Enhancing Flood Susceptibility Mapping Through Machine Learning and Multi-Criteria Decision-Making Techniques
DOI:
https://doi.org/10.17102/zmv8.i2.022Keywords:
Flood susceptibility mapping, multi-criteria Decision models, Machine Learning, Criteria Importance Through Intercriteria Correlation, Shannon Entropy Model, Random Forest, Support Vector MachineAbstract
Flooding has historically caused massive social, economic and environmental damage affecting lives and livelihood. There is a concerted effort to study the phenomenon of flooding, hazard assessment, mitigation and prevention of flood and associated risks. In the planning phase, Flood Susceptibility Mapping (FSM) to identify vulnerable areas are useful to provide critical data for preparedness, risk management, and sustainable land use planning. Most flood susceptibility maps are generated using multi-criteria Decision models (MCDM) and Machine Learning models. The reliability and accuracy of Flood Susceptibility Maps are increased by systematic evaluation of multiple flood related factors and their interrelationship which are more easily analyzed by machine learning models. Therefore, the aim of the study is to develop FSM for Toorsa River and the Pasakha River. using the two multi-criteria Decision models, the Shannon Entropy model and the Criteria Importance Through Intercriteria Correlation method. Further FSM were also developed using two machine learning algorithms of Random Forest and Support Vector Machine. Factors such as elevation, slope, soil type, and land use/land cover, rainfall, and Topographic Wetness Index were assigned weights based on the two MCDM techniques to develop the maps. Similarly, the same factors were used for training ML models and validating their performance in flood-prone area classification.
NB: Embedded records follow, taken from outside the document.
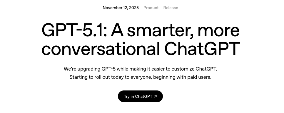 OpenAI의 GPT-5.1 모델 2종 출시 블로그
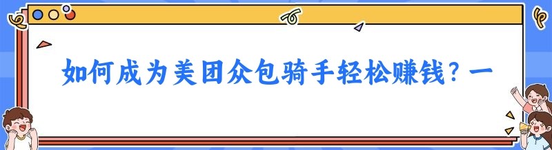 如何成为美团众包骑手轻松赚钱?一文带你快速了解!
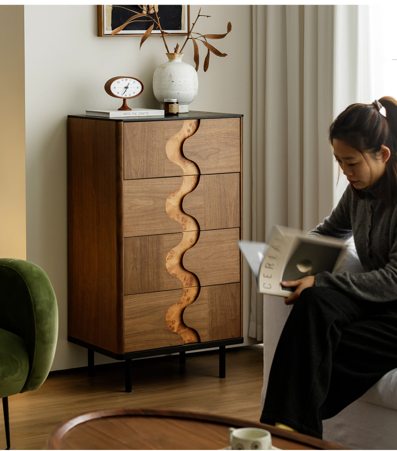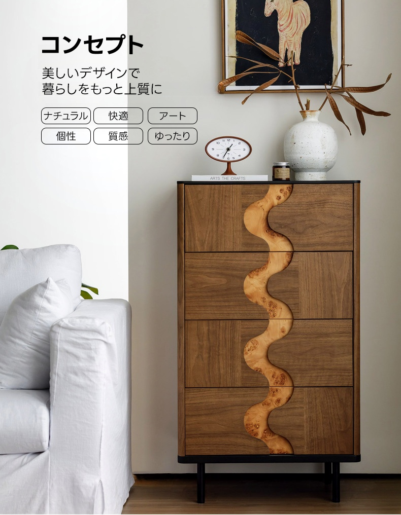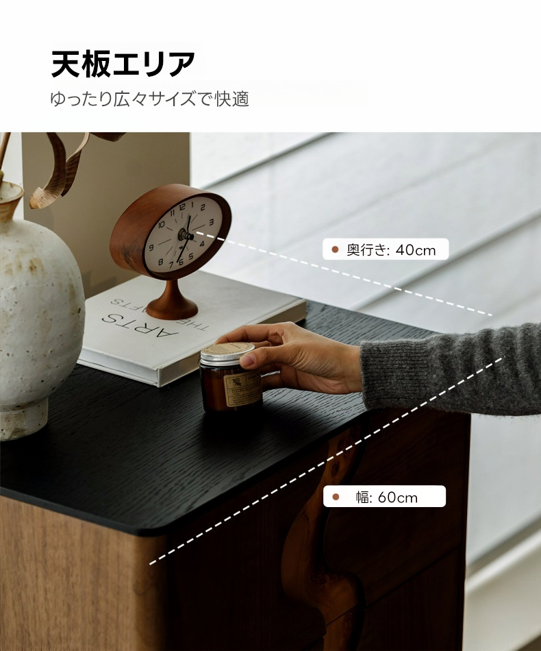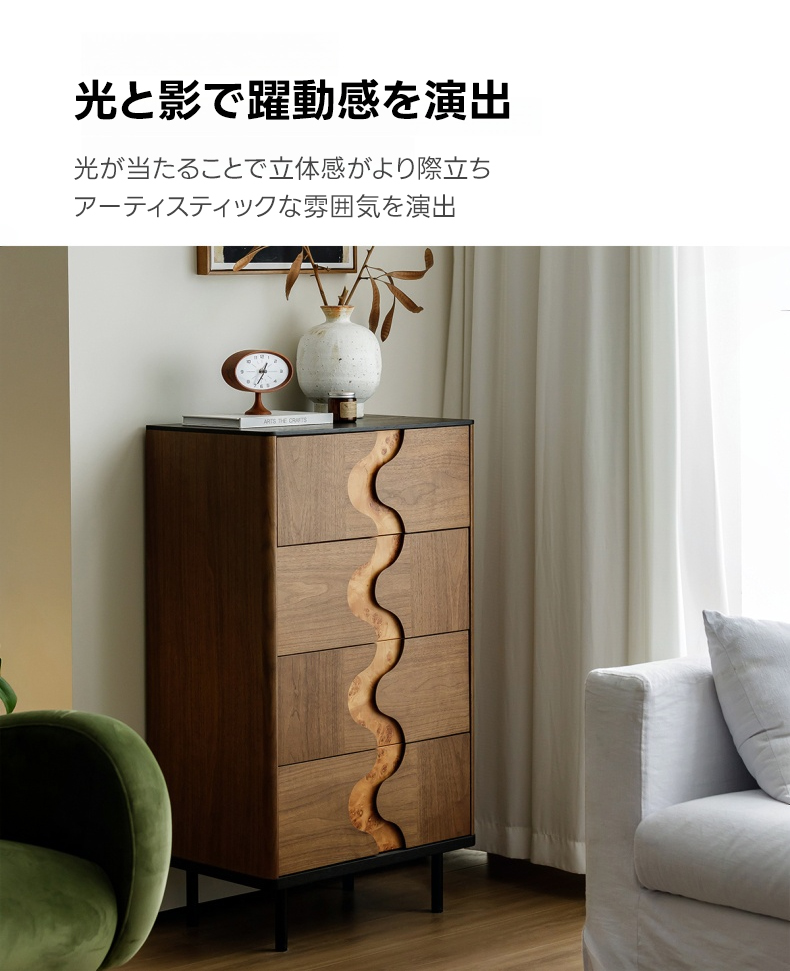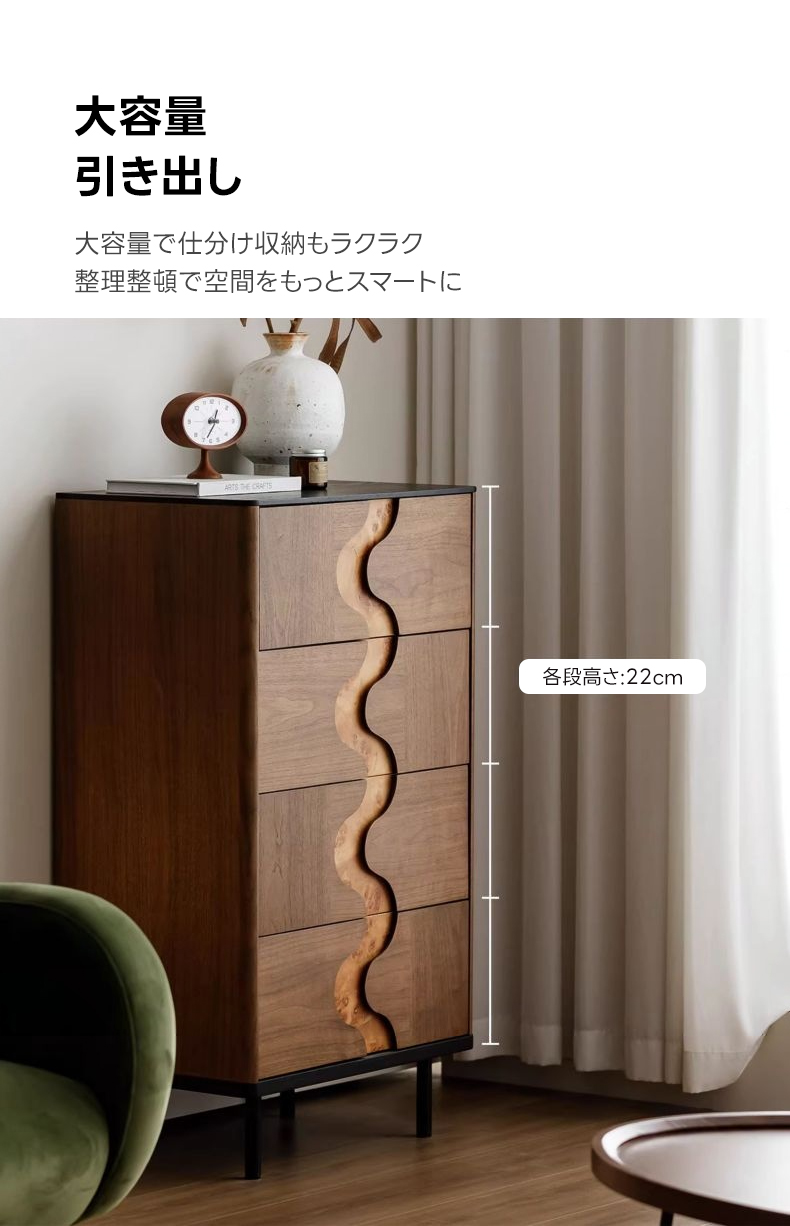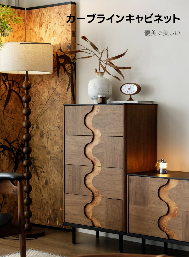 - 【洗練されたデザインと機能性】カーブラインキャビネットは、ジャパンディスタイルを取り入れた美しいデザインが特徴です。シンプルでありながら空間にアートな雰囲気をプラスし、リビングや寝室を一層引き立てます。大容量の引き出しとスムーズな開閉を実現する金属製スライドレールを備え、整理整頓がしやすい設計です。

The results of the study shows that Area Under Curve scores were high (0.98) in both the study area using Random Forest while the lowest score of 0.21 was obtained for Pasakha river using the Shannon Entropy Model. In general the Machine Learning models are found to be more accurate, which may be attributed to its ability to interpret data in a non-linear manner unlike the MCDM methods. The final Flood Susceptibility Maps of the study area were produced based on Random Forest models, as it provided the most accurate results.